Three weeks, that is all I have left before setting out on my 700-kilometre hike across Saskatchewan in order to raise funds and awareness for the Huntington Society of Canada and Huntington Disease research.
It is has been some time since my last post. Life has a way taking you on rabbit trails before allowing you back on the path again. My last post was before the May long weekend. That weekend I took my son to play in his club volleyball national tournament in Calgary, Alberta. I went to sleep that Friday night and woke up with a sprained ankle in the morning. Apparently, although no believes me, spraining your ankle while sleeping is actually a “thing; ” Yet something else to look forward to in your forties.
I was also involved in two graduations, one at my own school in Vanguard on the 26th of May and then my daughter graduated from Athol Murray College of Notre Dame on June 17th. I am proud of Vanguard Community School and our graduating class and I am proud of my “little girl” Jessalyn.
I did have to rest for about 10 days while my ankle healed, but eventually, I did get back out on the road and have since put in a few hikes. June has been just too crazy though and I have not been able to put on as many kilometres as I would have liked. I will have to train as I walk somewhat, starting on July 10.
My school had a surprise for me on June 14. Some of the senior boys asked if I could go out to the woodshop with them while they built a box for another class. I thought it was a strange request but went anyways. While out in the shop I was called on the intercom to come to the gym. I thought a student had gotten hurt. When I got to the gym, the entire school was waiting for me. Without me knowing, the students and staff had planned their own little “walk” and were sitting in the gym with backpacks on waiting for me to join them. In total, they also raised nearly 2000 dollars for my campaign. This, plus donations that I have already received, has put me over halfway to my goal and I’m still three weeks to the starting line. Cool!
What is Huntington Disease (5)?
You will often hear the analogy that Huntington Disease is like having ALS, Parkinson’s Disease, and Alzheimer’s at the same time. This is mostly correct but doesn’t help much unless you know what those diseases are, and what attributes of those diseases can be found in a person that suffers from Huntington Disease. Here is the breakdown:
The full name for ALS is Amyotrophic Lateral Sclerosis. When you see that word trophic, it comes from the Greek trophikos for food or nourishment. Sclerosis means hardening or stiffening (dying). In the case of ALS, neurons in the brain responsible for voluntary muscle movement die. With nothing controlling them anymore, the muscles stiffen and eventually waste away. This is the common element with HD. Although not caused by the same neuron malfunction, in late stage HD, you will see muscle wasting to the point where HD patients in the latter stage of their life look extremely thin, fragile, and malnourished.

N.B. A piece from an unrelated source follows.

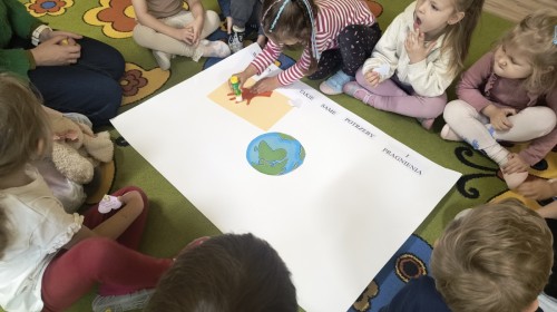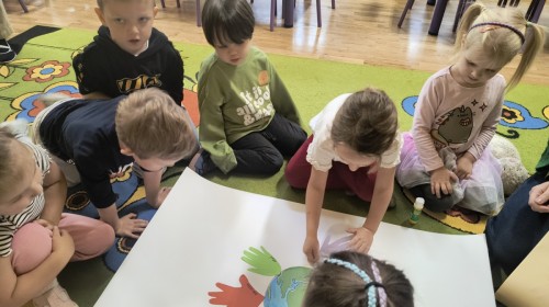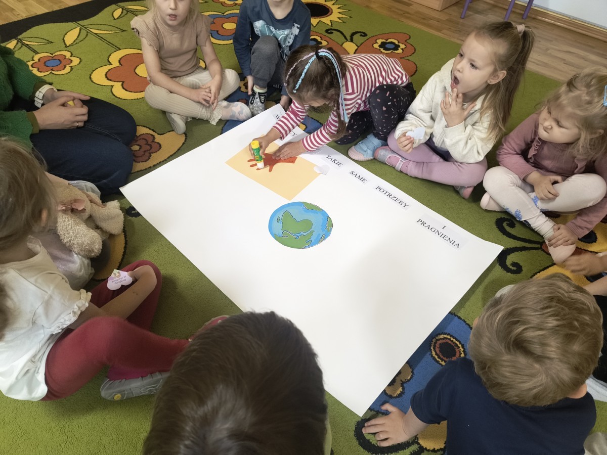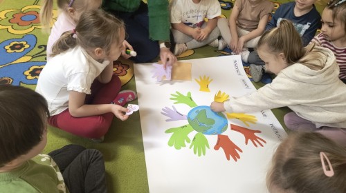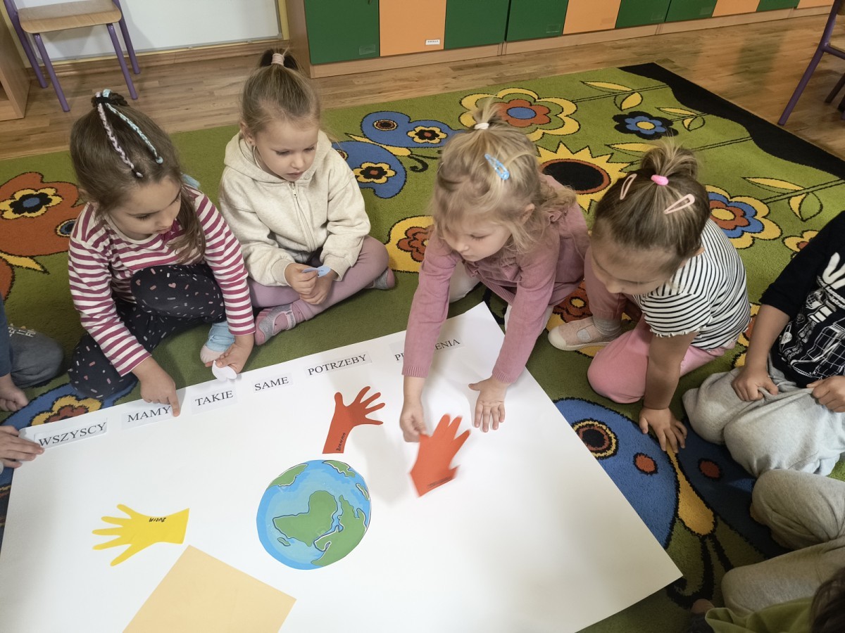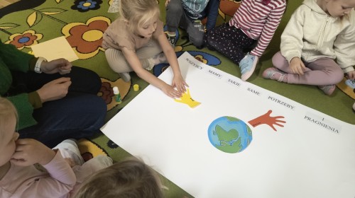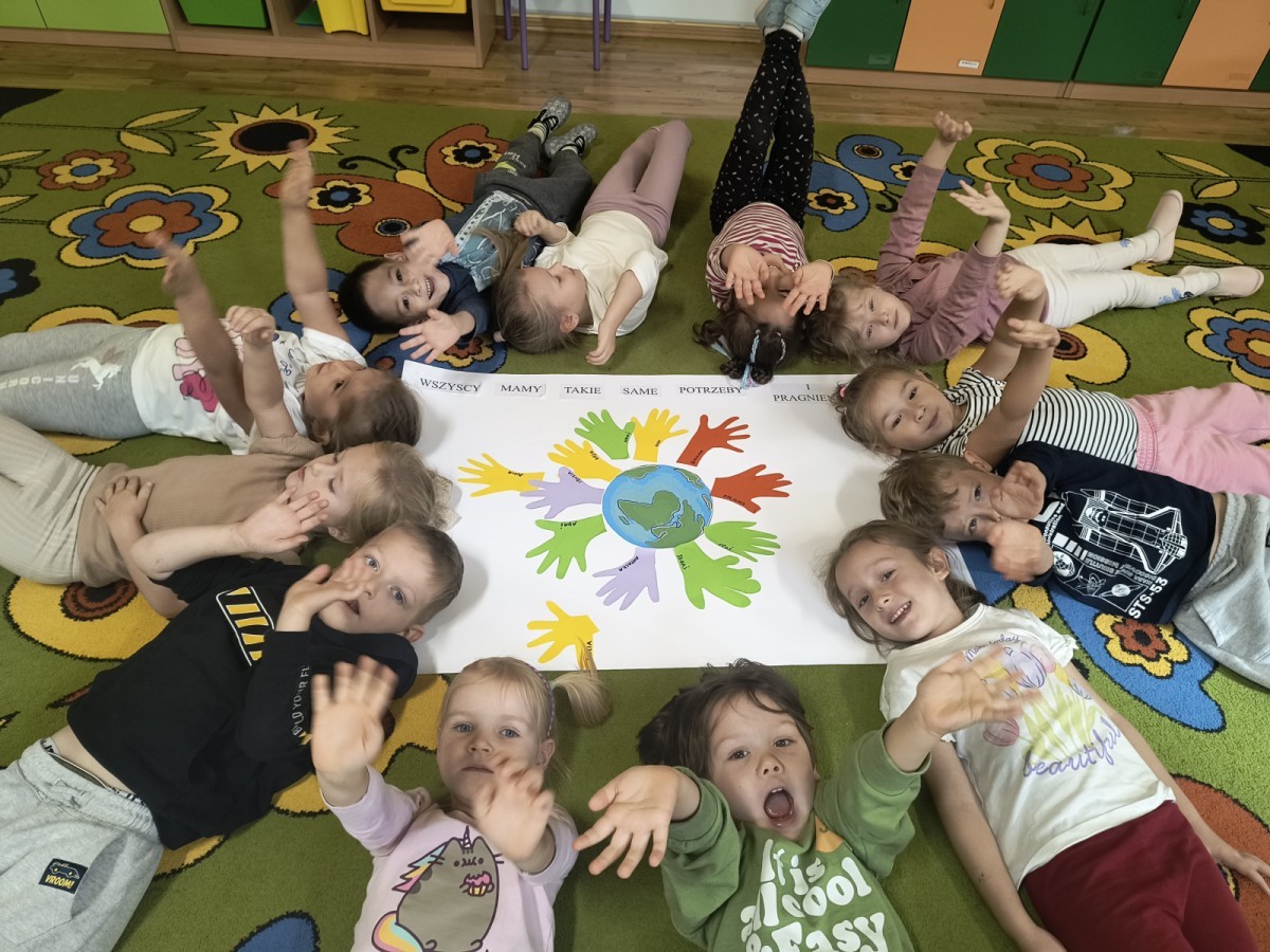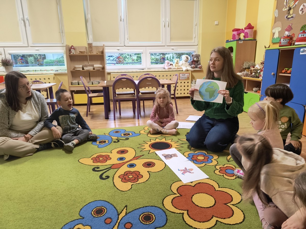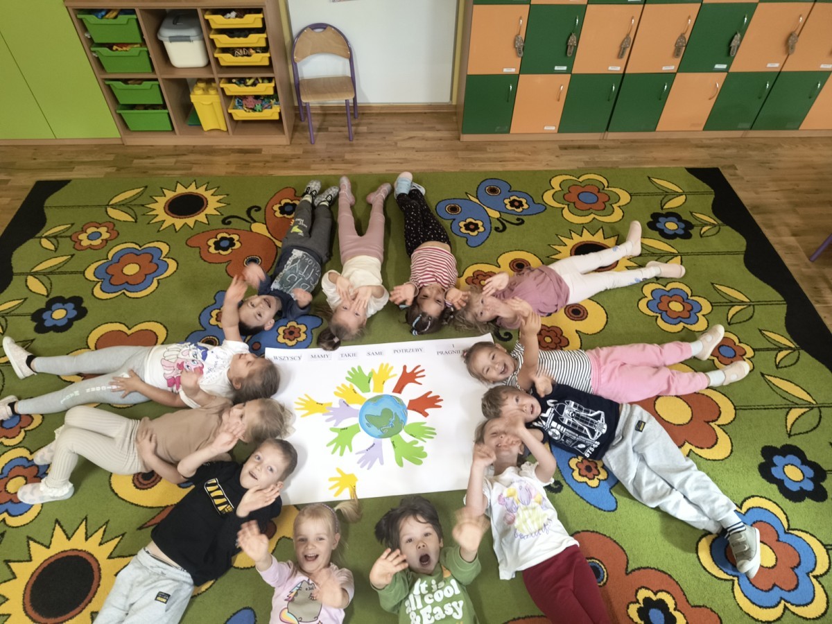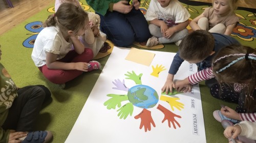 Pani Ada poprzez wspólne zabawy, aktywności, rozmowę oraz opowiadania o pajacyku i misiu, przybliżyła dzieciom tematykę tolerancji, różnorodności, inności i wzajemnego szacunku.

Parkinson’s Disease happens when brain cells stop producing dopamine. Dopamine is necessary to carry signals between nerves in the brain. Without it, people start to exhibit the hallmark signs of Parkinson’s: tremors, rigidity of muscles and impaired balance. Again but for different reasons, someone with HD will begin to display these same characteristics. This is the chorea or “dance” movements associated with HD.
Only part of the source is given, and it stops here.